Вернуться к Чеховиана: «Три сестры». 100 лет

Кн. Брюнхильдсволл. Мотив тоски-ожидания в пьесе А.П. Чехова «Три сестры» и в пьесе Г. Ибсена «Дочь моря»

Существует мнение о близком родстве «Трех сестер» А.П. Чехова и «Гедды Габлер» Генрика Ибсена. Известный норвежский славист, переводчик, поэт Мартин Наг видит в трех дочерях русского генерала у Чехова нечто вроде коллективного варианта генеральской дочери у Г. Ибсена, и он связывает лейтмотив «В Москву!» с мотивом «виноградной листвы в волосах», символизирующим неудовлетворенную жажду красоты у Гедды Габлер1.

В рамках интертекстуальных связей такое прочтение чеховской пьесы вполне возможно. Но мне кажется более обоснованным сравнение «Трех сестер» с поздней пьесой Г. Ибсена, где метафора тоски связана с двумя сестрами и мачехой, образующих, как и у Чехова, некое триединство. Я имею в виду «Дочь моря» (в другом переводе — «Женщина с моря») (1888 г.)2, написанную задолго до чеховских «Трех сестер» и переведенную на русский язык и, следовательно, доступную русскому читателю.

В ибсеновской пьесе героини — это сестры Болетте и Хильде и мачеха Эллида, которая не намного старше их. Из текста явствует, что доктор Вангель, муж Эллиды и отец Болетте и Хильде, рассматривает их как некую единую группу и даже называет один раз «тройкой» (61). Здесь, как и у Чехова, дается фигуративный образ трех связанных друг с другом людей. Исходный пункт главного конфликта у обоих художников один и тот же. Три героини страдают, поскольку они должны провести свою жизнь в провинции; эта изоляция является причиной возникновения у них стремлений и тоски по иному, находящемуся далеко от них месту, где все желания исполняются.

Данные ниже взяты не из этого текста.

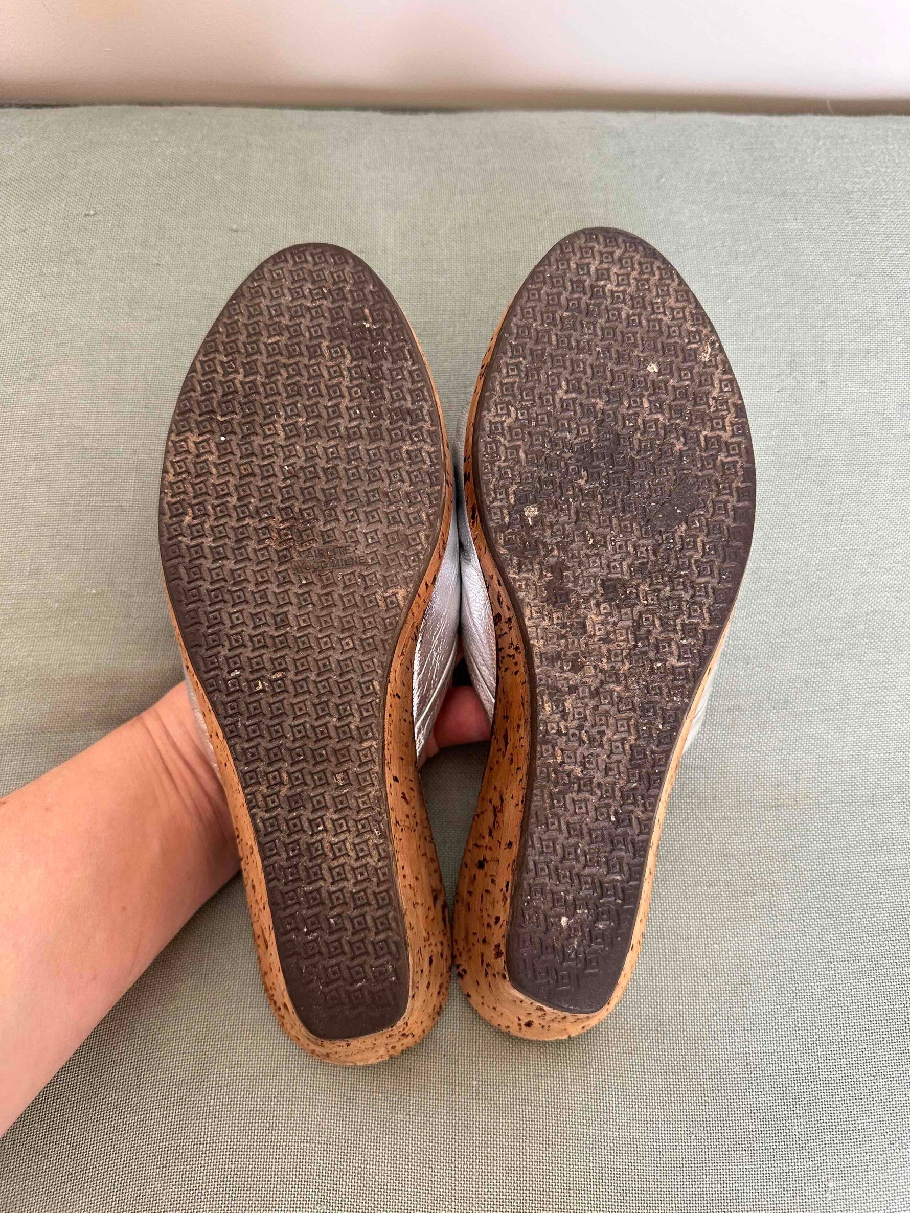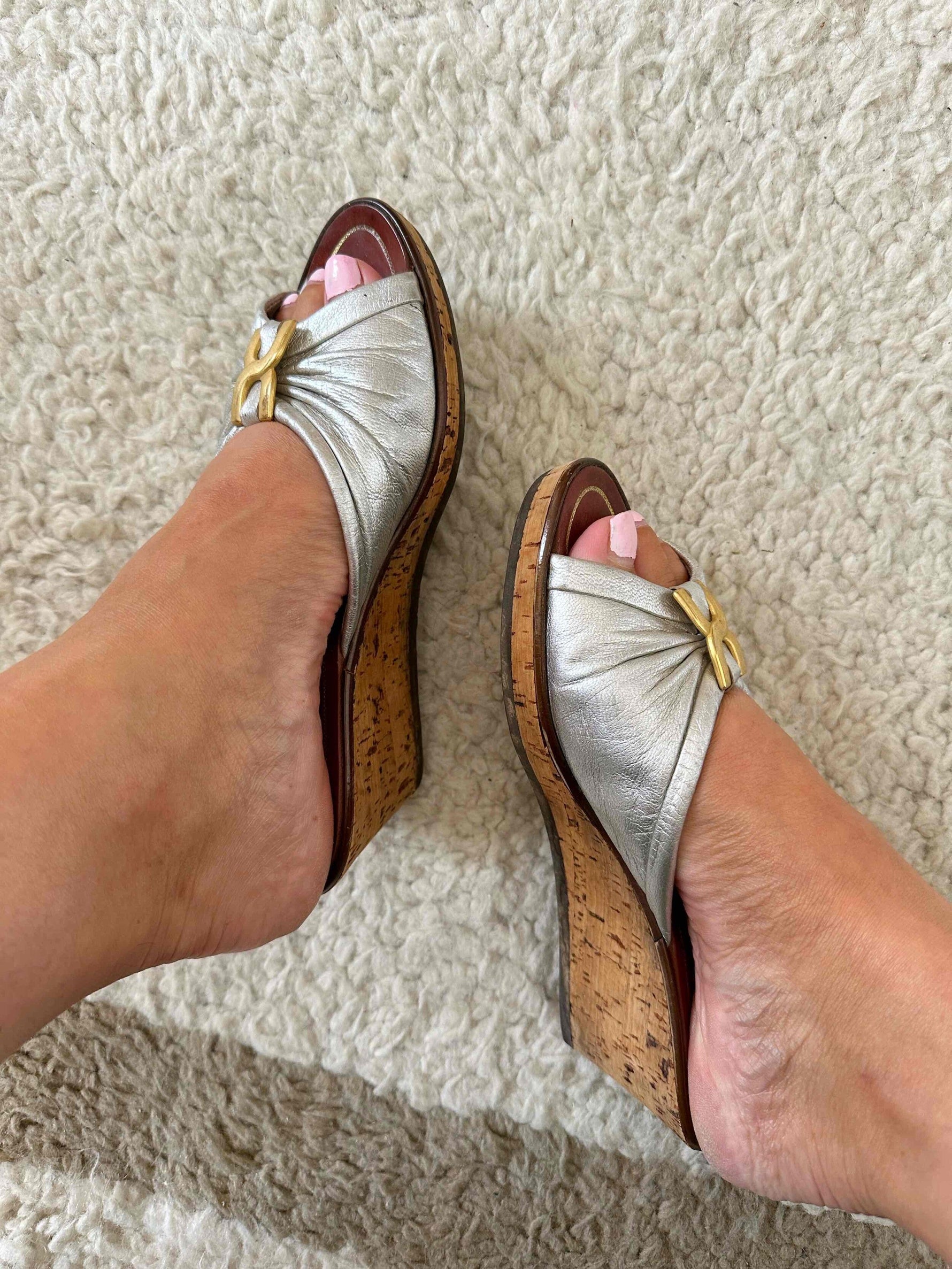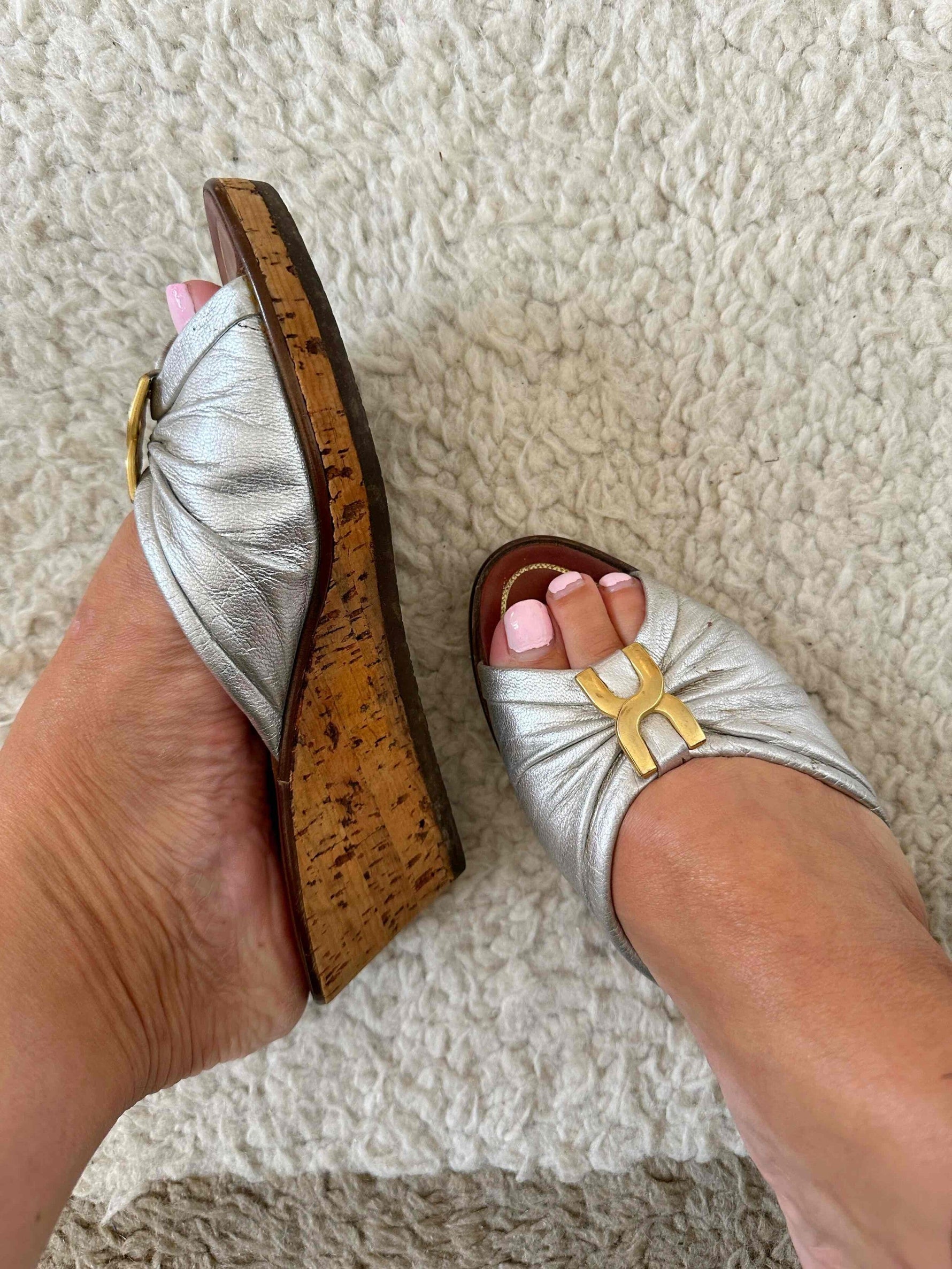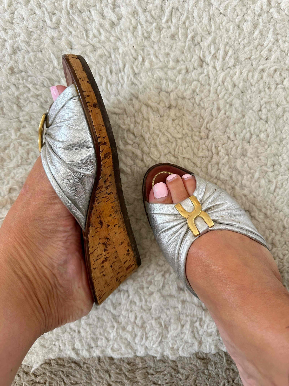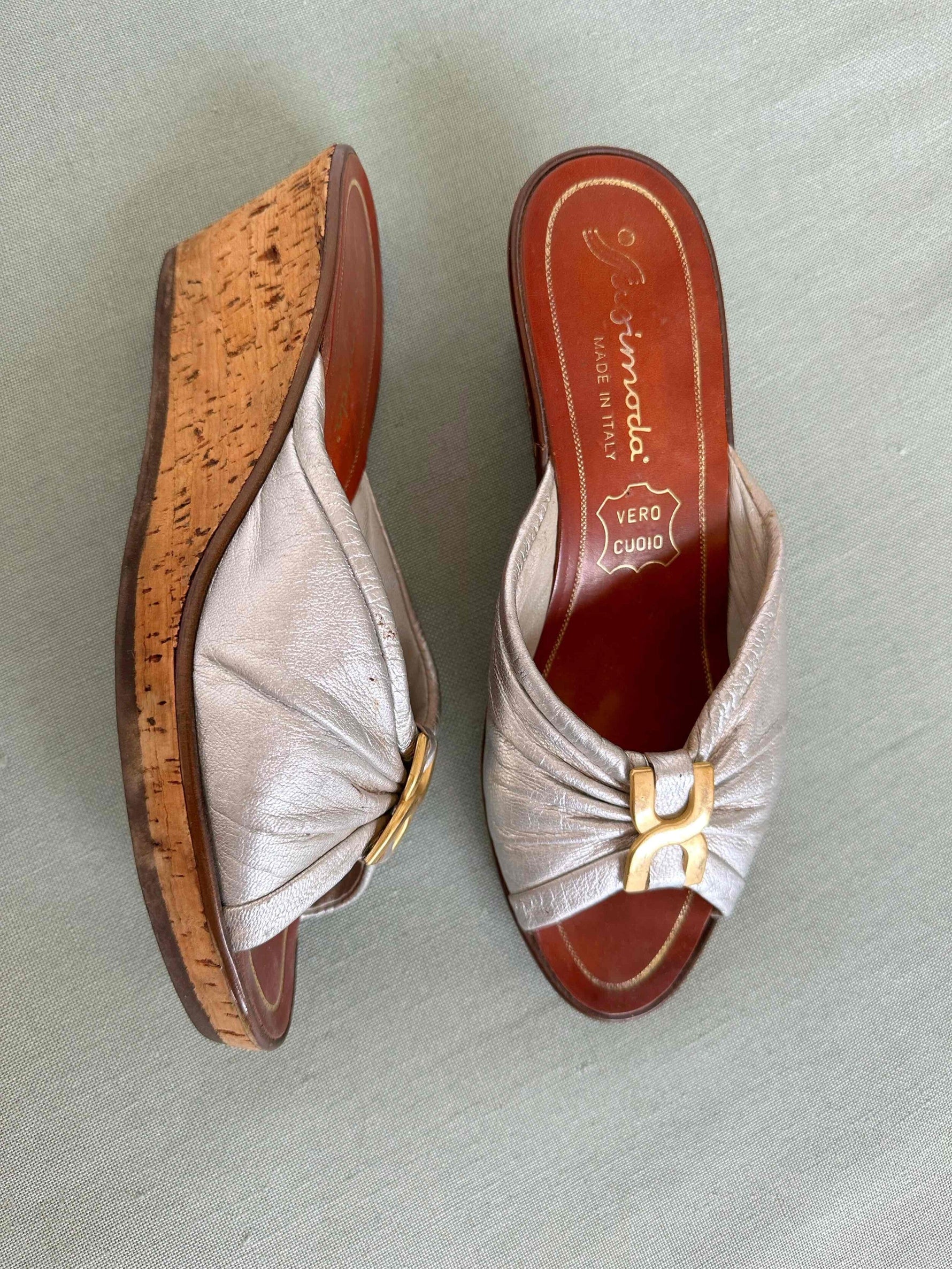 Prix unitaire parMules en cuir argentées, à talons compensées en liège, cuir souple plissé par un bijoux métallique doré, fabriquées en Italie, années 70s, pointure 37, longueur semelle 23,5cm, hauteur talons 5,5cm.

С точки зрения структуры это означает, что оба драматурга ставят своих героев в поле напряжения между здесь, отрицательно представленным, и там, связанным с удовлетворением всех неисполненных желаний. Посмотрим теперь, как эта метафора желания реализуется в обеих пьесах и как Чехов, по-видимому, продолжает разрабатывать и модифицировать более ранний текст Ибсена.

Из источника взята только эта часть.